# Easy slimline disassembly....no special tool needed.



## NittanyLion (Feb 18, 2013)

Thought I would share my technique for disassembling slimlines.  It's similar to the technique used on the PSI tool, using a coat hanger and Allen wrench.

1.  Break pen apart, removing center and.
2.  Cut a piece of metal coat hanger, about 6".
3.  Run coat hanger through twist mechanism to nib;  use like psi tool or punch set by holding lower blank with nib up and pounding(coat hanger) on solid surface.  This will pop nib out(safety glasses please).
4.  To remove drive mechanism, use an Allen wrench(not sure of size, whatever fits) inserted into where nib was.  Place lower section, Allen wrench up, centered on vise just slightly opened so drive can punch through.  Tap Allen wrench with hammer to pop drive out..
5.  Clip and top can be extracted by inserting Allen wrench instead of coat hanger and using technique in #3.

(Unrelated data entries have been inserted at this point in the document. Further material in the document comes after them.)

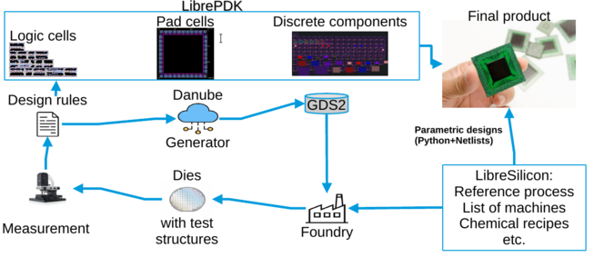For doing anything useful with your foundry, you need a way of verifying your setup, for which we provide you the test wafer generator Danube River, then you need standard logic cells for synthesizing, placing and routing your layout, and of pad cells so that you can wire bond your chip;
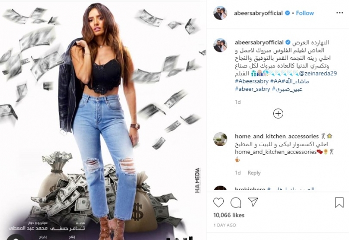نشرت الفنانة عبير صبري، عبر حسابها الشخصي بموقع "إنستجرام"، البوستر المنفرد للفنانة زينة الخاص بفيلم "الفلوس".
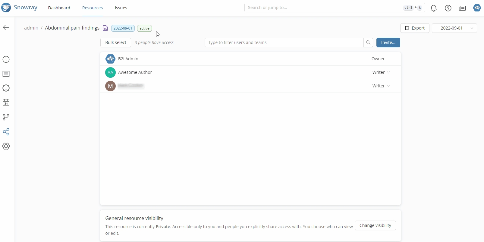 Maintainers have the right to revoke user access to a specific resource using the dedicated menu item. This can be performed either for a single user or for multiple users as well, using the checkbox in the front.
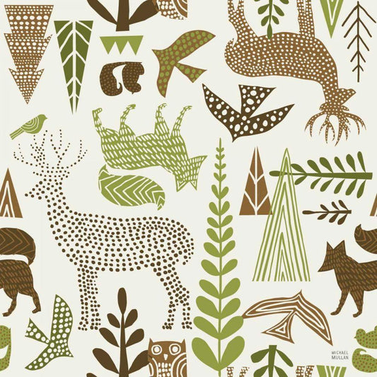 Forest Folklore Green Pattern IB Gold Ornate Wood Framed Art Print with Double Matting by Mullan, Michael
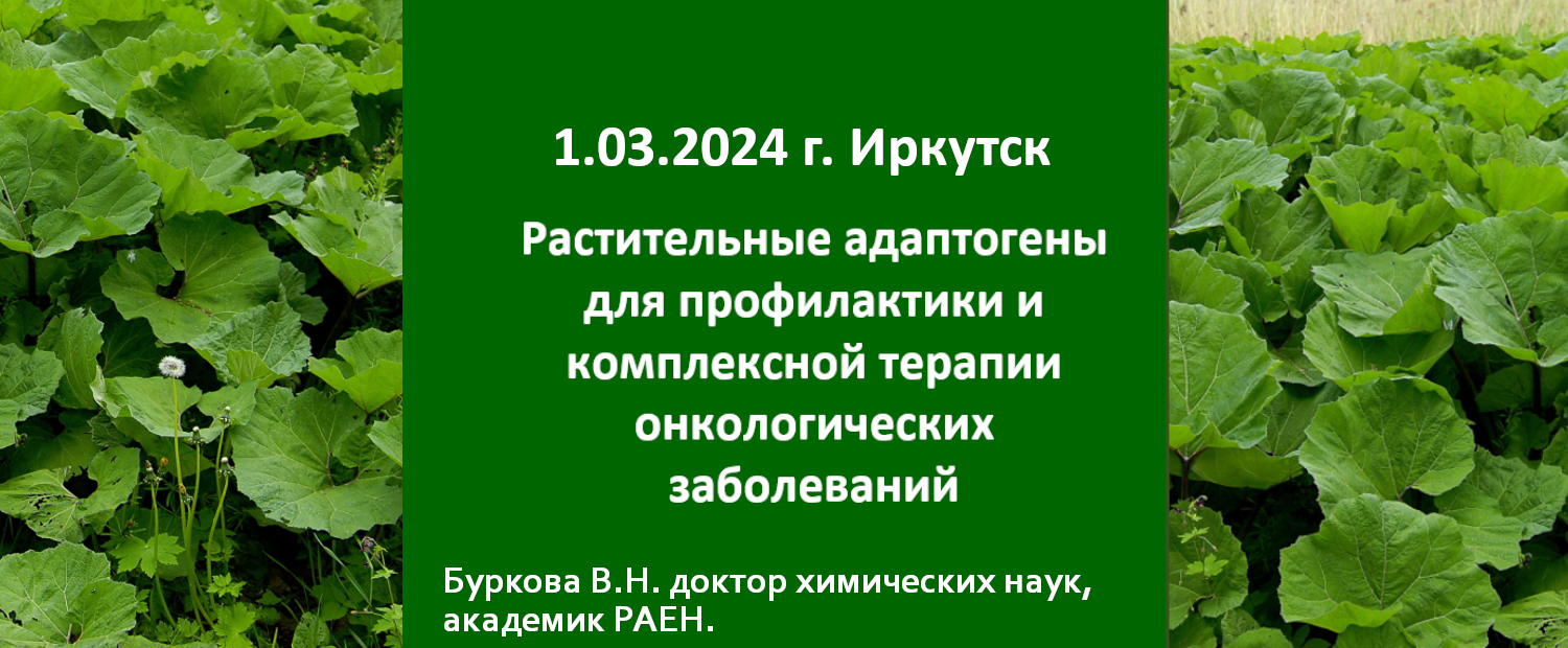 1 марта с докладом на тему «Растительные адаптогены в комплексной терапии и профилактике онкологических заболеваний» перед врачами Иркутска выступит Буркова Валентина Николаевна, доктор химических наук, академик РАЕН.

Note:  the Allen wrench I used has the rounded ends.  This helps seat it into the twist mechanism.  A standard Allen wrench will work too, however proper sizing will be more critical.

Hope this helps!


----------



## Chatham PenWorks (Feb 19, 2013)

Looks like a good interim solution until you get to a Harbor Freight for a transfer punch set. These will work for most pen styles, and can be used for many other purposes like closed end mandrels and for trimming blanks. I've used them so much, I have 3 sets.


----------